# Mk4 Golf armrest removal.



## himselfunknown (Jul 3, 2012)

My Golf has an armrest, which I know is considered to be a worthy 'upgrade'.

However, I hate mine as I find it is in the way when I want to put the handbrake on and change gear. Just lifting it out of the way is all very well, but a pain when the lid opens and hangs out into the rear seat space, as it hinders people getting in and out (my car is a 3 door).

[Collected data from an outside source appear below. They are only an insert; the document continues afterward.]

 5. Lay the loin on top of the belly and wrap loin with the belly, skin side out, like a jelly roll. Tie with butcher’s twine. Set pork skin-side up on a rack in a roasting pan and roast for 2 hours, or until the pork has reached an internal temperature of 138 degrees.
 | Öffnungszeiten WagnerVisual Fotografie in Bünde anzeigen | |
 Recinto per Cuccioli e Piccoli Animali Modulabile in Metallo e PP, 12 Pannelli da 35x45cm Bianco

So, I'd like to remove the armrest. Is this possible? Is there something that goes into the hole that is left in the centre console to tidy it up?

Cheers.


----------



## Bx V-dubber (Dec 17, 2010)

your in the uk, don't know who would sell it over there (maybe swgmotorsports or amd). in the states "ECStuning" sells a delete kit for that same situation. I'm pretty sure someone across the pond sells it too. check them out to get an idea of what you'd be looking for.:beer:


----------



## mudder1310 (Feb 9, 2004)

Yes. I just did the armrest delete from ECS Tuning. It's about 15min work.

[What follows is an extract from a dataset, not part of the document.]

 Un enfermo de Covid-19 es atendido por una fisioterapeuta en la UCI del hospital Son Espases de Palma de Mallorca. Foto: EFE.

1. Pop off driver side panel on arm rest.
2. Remove 13mm bolt, pull rest up and off.
3. Slide back cup holder (or ashtray)
4. Pop off lid to access 2 torx.
5. Remove torx.
6. Lift up console. Inside you'll see three 13mm bolts holding the rest base.
7. Remove those, a universal socket adapter will help.
8. remove base.
9. Put torx back in.
10. Pop cup holder back on and tray from ECS kit into opening.

Done. There's a video on youtube for the project as well.


----------